When the voltage at both ends of the resistor increases from 2V to 4V, the current intensity through the resistor changes by 0.25A, Then the resistance of the constant resistance ro is____ Ohm. The electrical power of the resistance ro increases____ w. This is to fill in the blanks!

When the voltage at both ends of the resistor increases from 2V to 4V, the current intensity through the resistor changes by 0.25A, Then the resistance of the constant resistance ro is____ Ohm.
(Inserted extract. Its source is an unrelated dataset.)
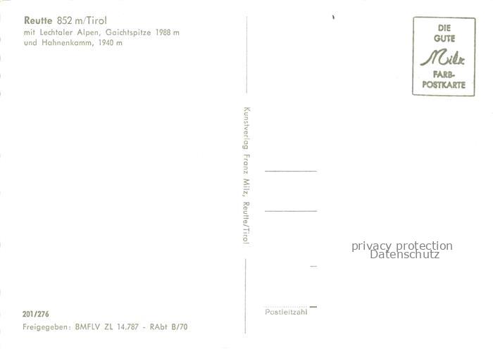 74111003 Reutte Tirol AT Fliegeraufnahme mit Lechtaler Alpen Gaichtspitze und Hahnenkamm postalisch nicht gelaufen Erhaltung siehe scans [WerneD78] KatCode: 11390331070828

The electrical power of the resistance ro increases____ w. This is to fill in the blanks!

U1=I*R
U2=(I+0.25)*R
2=I*R
4=(I+0.25)*R
Solution
I = 0.25 a
R = 8 Ω
P1 = U1 * I = 2 * 0.25 = 0.5W
P2 = U2 * (I + 0.25) = 4 * (0.25 + 0.25) = 2W
Added p2-p1 = 2-0.5 = 1.5W

When the voltage applied at both ends of a constant value resistor is 4V, the current passing through the resistor is 0.5A,
If the voltage is changed to 6V, can a 0.6A ammeter be used to measure the current passing through the resistor?

Answer: No
Analysis:
R＝U/I＝4V/0.5A＝8Ω
When u = 6V:
I＝6V/8Ω＝0.75A＞0.6A
Therefore, it cannot be measured with an ammeter with a measuring range of 0.6A
I don't know what to ask

Physics work in grade 3: when the voltage at both ends of the resistor is 4V, the current passing through is 0.5A. If the voltage at both ends of the resistor increases to 5V, can we use an ammeter with a range of 0-0.6a to measure the current?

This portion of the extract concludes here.